═════ Exercise data ═════

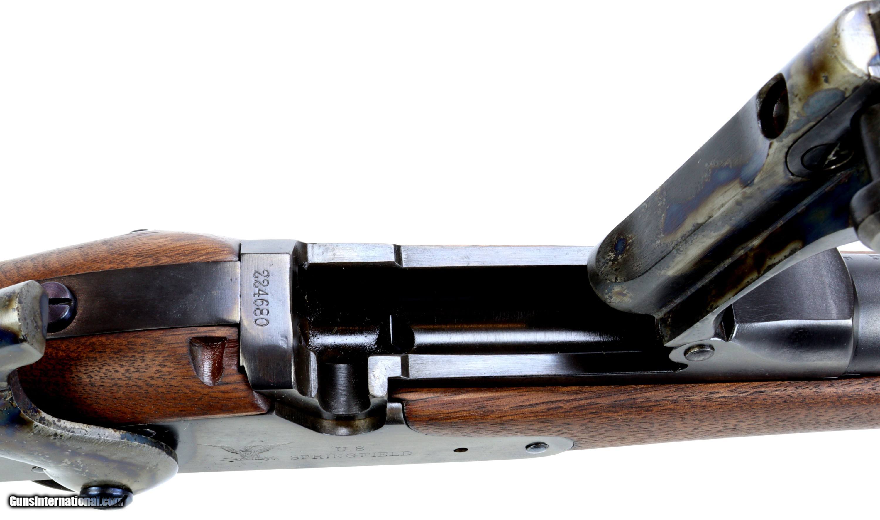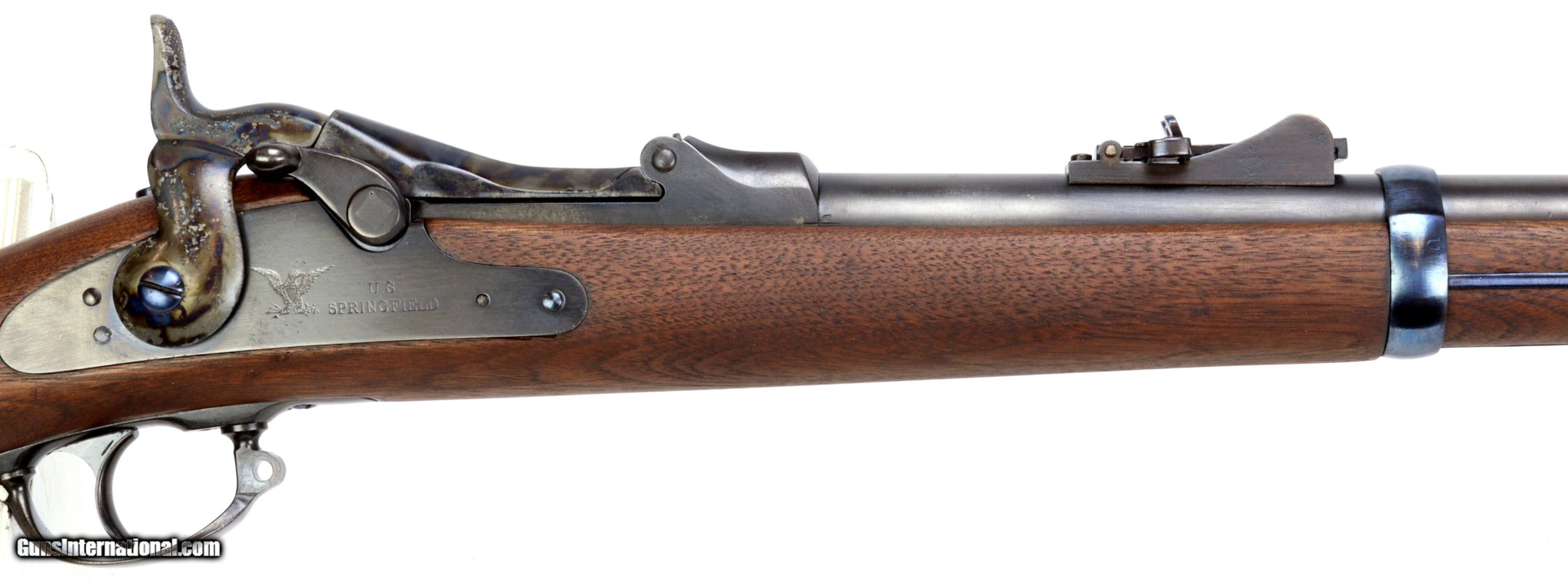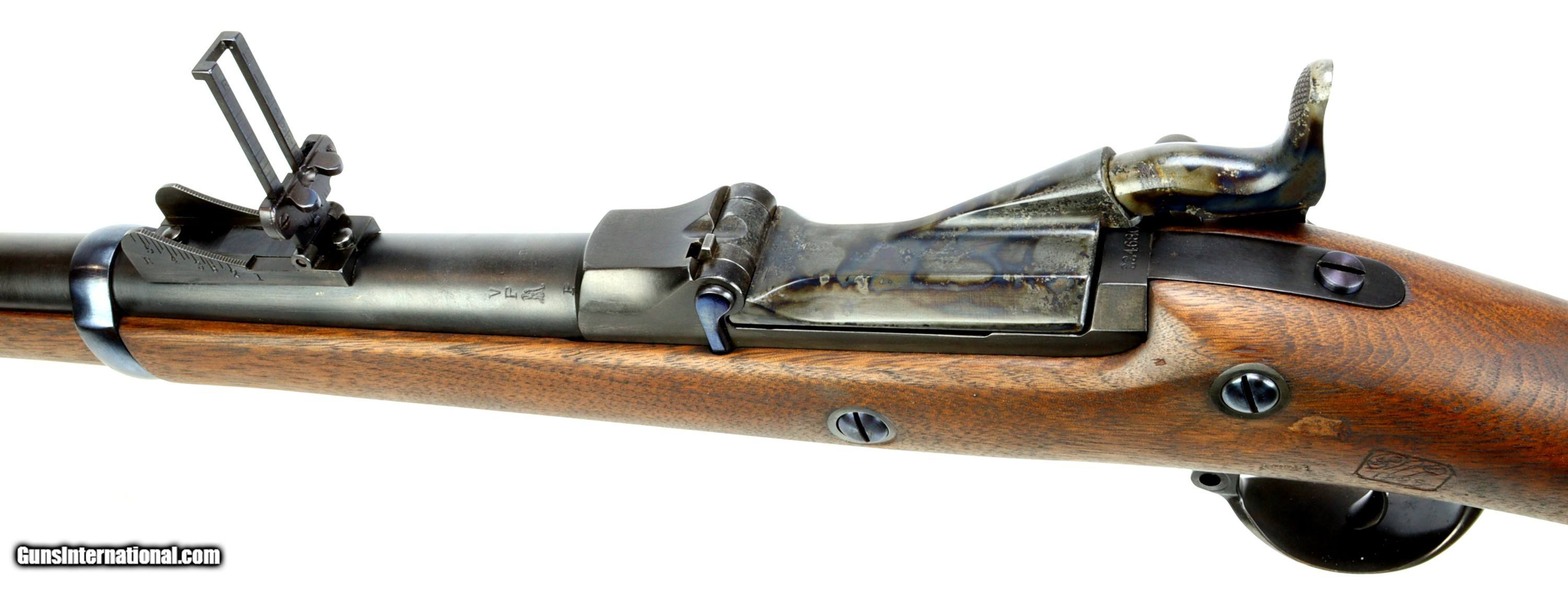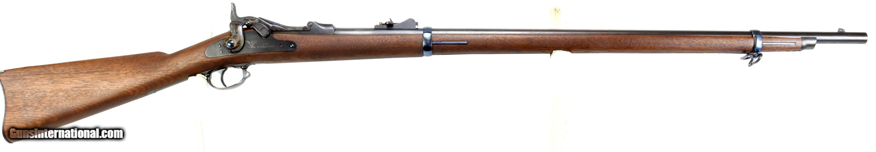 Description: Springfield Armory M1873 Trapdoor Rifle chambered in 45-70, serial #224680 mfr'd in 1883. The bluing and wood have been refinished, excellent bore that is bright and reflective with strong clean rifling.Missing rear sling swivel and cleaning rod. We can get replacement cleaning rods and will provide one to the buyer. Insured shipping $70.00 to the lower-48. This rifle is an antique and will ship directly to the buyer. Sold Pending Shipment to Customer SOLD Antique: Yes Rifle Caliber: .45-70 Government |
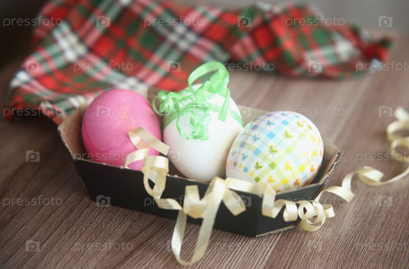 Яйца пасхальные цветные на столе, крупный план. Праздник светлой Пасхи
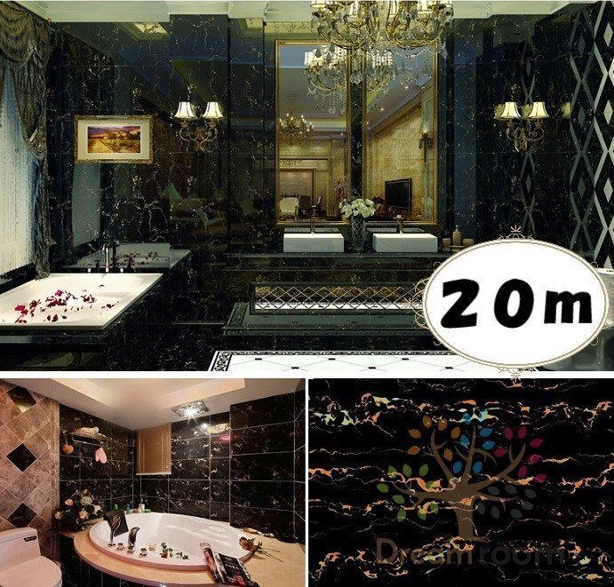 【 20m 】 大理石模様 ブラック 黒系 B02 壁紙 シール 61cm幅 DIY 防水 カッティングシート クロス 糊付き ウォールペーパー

═════

_What you have to do_.
Each line of the data above needs to be retyped as it is, without any picture.

_Solution to the problem_.
 Description: Springfield Armory M1873 Trapdoor Rifle chambered in 45-70, serial #224680 mfr'd in 1883. The bluing and wood have been refinished, excellent bore that is bright and reflective with strong clean rifling.Missing rear sling swivel and cleaning rod. We can get replacement cleaning rods and will provide one to the buyer. Insured shipping $70.00 to the lower-48. This rifle is an antique and will ship directly to the buyer. Sold Pending Shipment to Customer SOLD Antique: Yes Rifle Caliber: .45-70 Government |
 Яйца пасхальные цветные на столе, крупный план. Праздник светлой Пасхи
 【 20m 】 大理石模様 ブラック 黒系 B02 壁紙 シール 61cm幅 DIY 防水 カッティングシート クロス 糊付き ウォールペーパー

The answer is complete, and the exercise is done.